Genetic plasticity of the Shigella virulence plasmid is mediated by intra- and inter-molecular events between insertion sequences

Acquisition of a single copy, large virulence plasmid, pINV, led to the emergence of Shigella spp. from Escherichia coli. The plasmid encodes a Type III secretion system (T3SS) on a 30 kb pathogenicity island (PAI), and is maintained in a bacterial population through a series of toxin:antitoxin (TA) systems which mediate post-segregational killing (PSK). The T3SS imposes a significant cost on the bacterium, and strains which have lost the plasmid and/or genes encoding the T3SS grow faster than wild-type strains in the laboratory, and fail to bind the indicator dye Congo Red (CR).
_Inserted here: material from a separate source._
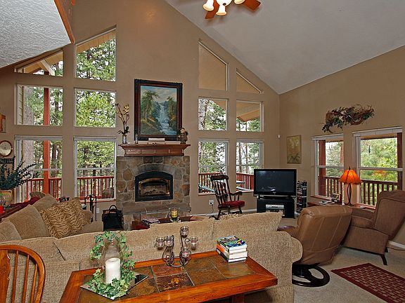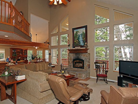 Beautiful 3 bedroom 2.5 bath cabin on 5.7 acres offers privacy and seclusion with all the modern amenities. Gorgeous floor to ceiling windows bring the forest and mountain colors in to the great room with vaulted ceiling. The Master Bedroom Suite with jet tub is downstairs. 2 additional spacious bedrooms are upstairs with a shared bathroom and large loft which overlooks the great room below. The kitchen has everything you could ask for including a large pantry, gas cook top and a large center island. Covered redwood decks, a two car garage, paved parking areas and a special mountain view make this property a must see and a great value.

Our aim was to define the molecular events in Shigella flexneri that cause loss of Type III secretion (T3S), and to examine whether TA systems exert positional effects on pINV. During growth at 37°C, we found that deletions of regions of the plasmid including the PAI lead to the emergence of CR-negative colonies; deletions occur through intra-molecular recombination events between insertion sequences (ISs) flanking the PAI. Furthermore, by repositioning MvpAT (which belongs to the VapBC family of TA systems) near the PAI, we demonstrate that the location of this TA system alters the rearrangements that lead to loss of T3S, indicating that MvpAT acts both globally (by reducing loss of pINV through PSK) as well as locally (by preventing loss of adjacent sequences). During growth at environmental temperatures, we show for the first time that pINV spontaneously integrates into different sites in the chromosome, and this is mediated by inter-molecular events involving IS 1294. Integration leads to reduced PAI gene expression and impaired secretion through the T3SS, while excision of pINV from the chromosome restores T3SS function. Therefore, pINV integration provides a reversible mechanism for Shigella to circumvent the metabolic burden imposed by pINV. Intra- and inter-molecular events between ISs, which are abundant in Shigella spp., mediate plasticity of S. flexneri pINV.

Shigella flexneri is the leading cause of bacillary dysentery worldwide. Key to its virulence is a large 210 kb single copy plasmid, pINV, which encodes a Type III Secretion System (T3SS) on a 30 kb pathogenicity island (PAI). When S. flexneri is grown on solid media containing Congo red (CR), virulent, T3SS-expressing colonies appear red (CR ⁺). Colonies of bacteria are white and large (CR ^-) if they lose T3SS expression; thus, the T3SS imposes a significant metabolic burden on S. flexneri. Within the laboratory, spontaneous emergence of CR ^- colonies is observed, but the molecular events responsible have not been defined. We characterised CR ^- bacteria that arise during growth at 37°C and 21°C, and demonstrate that recombination between insertion sequences (ISs) on pINV results in loss of the PAI. Furthermore, we demonstrate that MvpAT, a member of the VapBC family of toxin:antitoxin systems encoded on pINV, is responsible for both plasmid maintenance through post-segregational killing, and retention of adjacent sequences. We show for the first time that ISs on the plasmid and chromosome mediate inter-molecular recombination events, resulting in spontaneous and reversible integration of pINV into the chromosome; following integration, T3SS expression is down-regulated. Therefore, integration/excision results in phenotypic heterogeneity that provides a bet-hedging strategy for Shigella to circumvent the metabolic burden associated with retaining virulence genes.